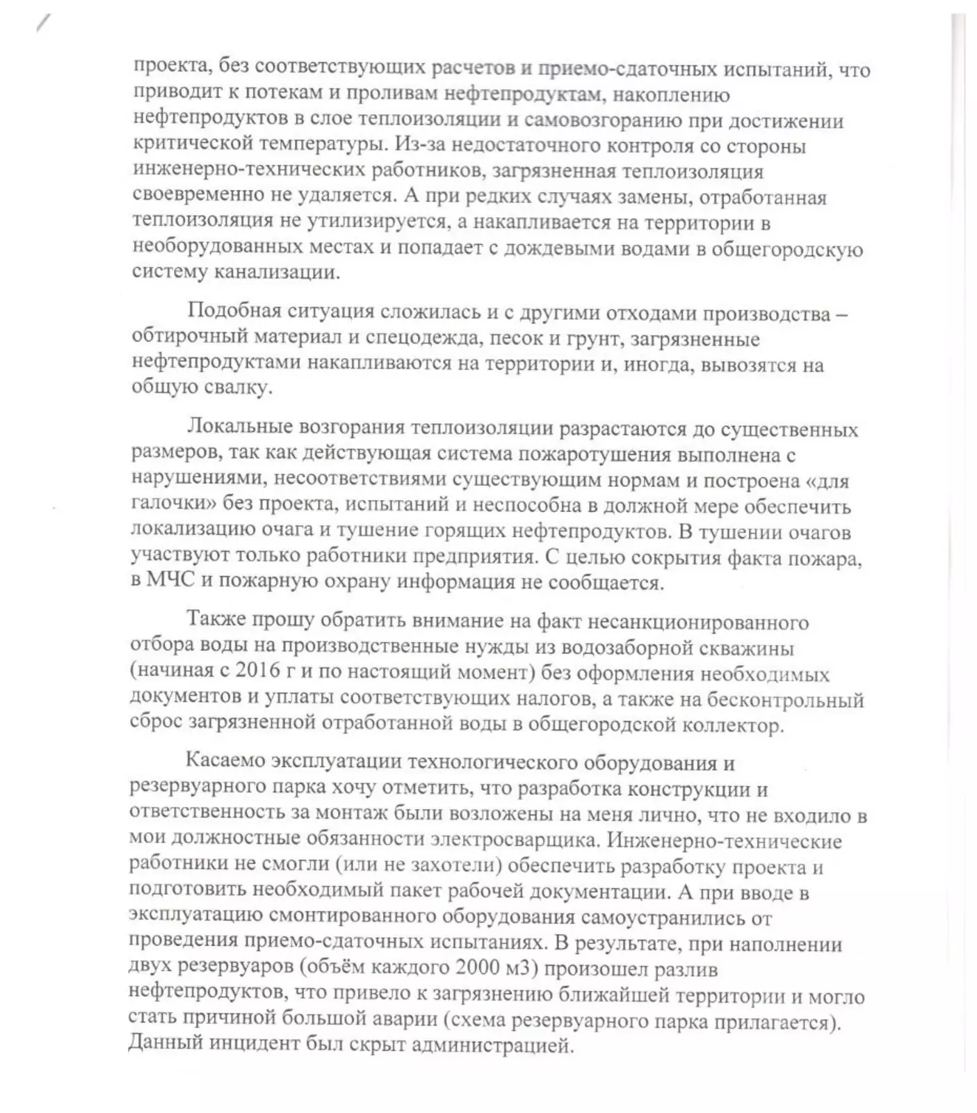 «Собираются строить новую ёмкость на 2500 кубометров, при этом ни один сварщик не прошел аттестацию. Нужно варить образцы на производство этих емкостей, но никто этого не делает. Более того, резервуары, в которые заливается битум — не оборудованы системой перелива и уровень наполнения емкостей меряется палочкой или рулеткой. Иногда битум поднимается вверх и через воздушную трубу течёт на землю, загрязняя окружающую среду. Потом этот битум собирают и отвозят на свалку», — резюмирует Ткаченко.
* * *
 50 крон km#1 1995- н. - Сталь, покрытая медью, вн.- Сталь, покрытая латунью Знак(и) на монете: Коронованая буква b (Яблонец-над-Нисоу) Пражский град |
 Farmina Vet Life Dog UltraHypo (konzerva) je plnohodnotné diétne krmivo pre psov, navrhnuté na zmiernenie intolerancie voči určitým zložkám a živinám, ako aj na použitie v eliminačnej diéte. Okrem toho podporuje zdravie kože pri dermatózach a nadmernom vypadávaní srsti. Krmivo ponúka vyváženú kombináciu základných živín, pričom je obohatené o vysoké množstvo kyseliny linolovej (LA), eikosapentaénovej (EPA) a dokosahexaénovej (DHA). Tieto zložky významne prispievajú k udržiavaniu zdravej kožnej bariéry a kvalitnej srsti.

» **What is required**
Find where the line with "50 крон km#1" sits in the material above, then copy exactly from it through the line with "Farmina Vet Life". Add no other line.

» **Expected output**
 50 крон km#1 1995- н. - Сталь, покрытая медью, вн.- Сталь, покрытая латунью Знак(и) на монете: Коронованая буква b (Яблонец-над-Нисоу) Пражский град |
 Farmina Vet Life Dog UltraHypo (konzerva) je plnohodnotné diétne krmivo pre psov, navrhnuté na zmiernenie intolerancie voči určitým zložkám a živinám, ako aj na použitie v eliminačnej diéte. Okrem toho podporuje zdravie kože pri dermatózach a nadmernom vypadávaní srsti. Krmivo ponúka vyváženú kombináciu základných živín, pričom je obohatené o vysoké množstvo kyseliny linolovej (LA), eikosapentaénovej (EPA) a dokosahexaénovej (DHA). Tieto zložky významne prispievajú k udržiavaniu zdravej kožnej bariéry a kvalitnej srsti.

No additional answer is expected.